THE LAUREATE: Harry Martinson was orphaned at birth. He ran off to join the merchant marine when he was 16 and had to go back to shore a few years later, during which time he wandered Sweden as a bum (lots of authors did this for some reason), so this should not in itself put us off him.) His creative output was fairly large, and includes quite a lot of poetry. Following controversy for his being awarded the Nobel (considering that he was a member of the Swedish academy and had been for 25 years), Martinson killed himself with a pair of scissors.
WHAT DO YOU KNOW ABOUT HIM?: Well, I’ve been making a joke out of what I’ve been reading for a while now. A Swedish science fiction epic poem? What? This is the kind of thing that, at first glance, makes me question the Nobel prize as an objective measure of literary quality. Maybe it will continue to do so.

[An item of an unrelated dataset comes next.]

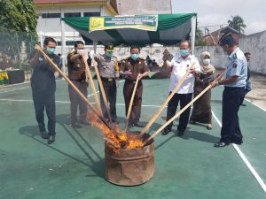 Pemusnahan barang bukti tindak pidana umum sebayak 761 perkara dengan rincian Barang Bukti Psikotropika dan Narkotika sebanyak 590 perkara barang bukti yang dimusnahkan Ganja sebanyak 822,86 gram, sabu sebanyak 178,69 gram dan Pil Ekstasi sebanyak 122 butir.

WHAT ARE YOU READING?: Haven’t you been paying attention? I’m going to read ANIARA: A REVIEW OF MAN IN TIME AND SPACE.
REVIEW: I’ve got to admit, as much as I’ve been making fun of this the last few weeks, ANIARA: A REVIEW OF MAN IN TIME AND SPACE is actually really, really good. The basic plot is this: in the distant future, after mankind destroyed itself and then grew itself back, terrible things happened on Earth. Someone orders people ferried to Mars in these huge ships called golgondas. The Aniara, on a routine people-dumping mission, gets thrown off-course by a meteor that no one saw coming and is flung off irretrievably into the depths of space. It has an AI computer that can pick up electromagnetic broadcasts and generally figure things out at long distances, but after it sees one of the major cities on Earth nuked, it kills itself. The remainder of the poem is about how the people trapped on this ship spend their time with the shadow of death looming over them. It is surprisingly effective.
DO YOU RECOMMEND IT?: Yes, if you can find it. Aniara has been out of print for forty years now, I think.
WHAT’S NEXT: T.S. Eliot and The Waste Land, and I guess I need to do Dario Fo still.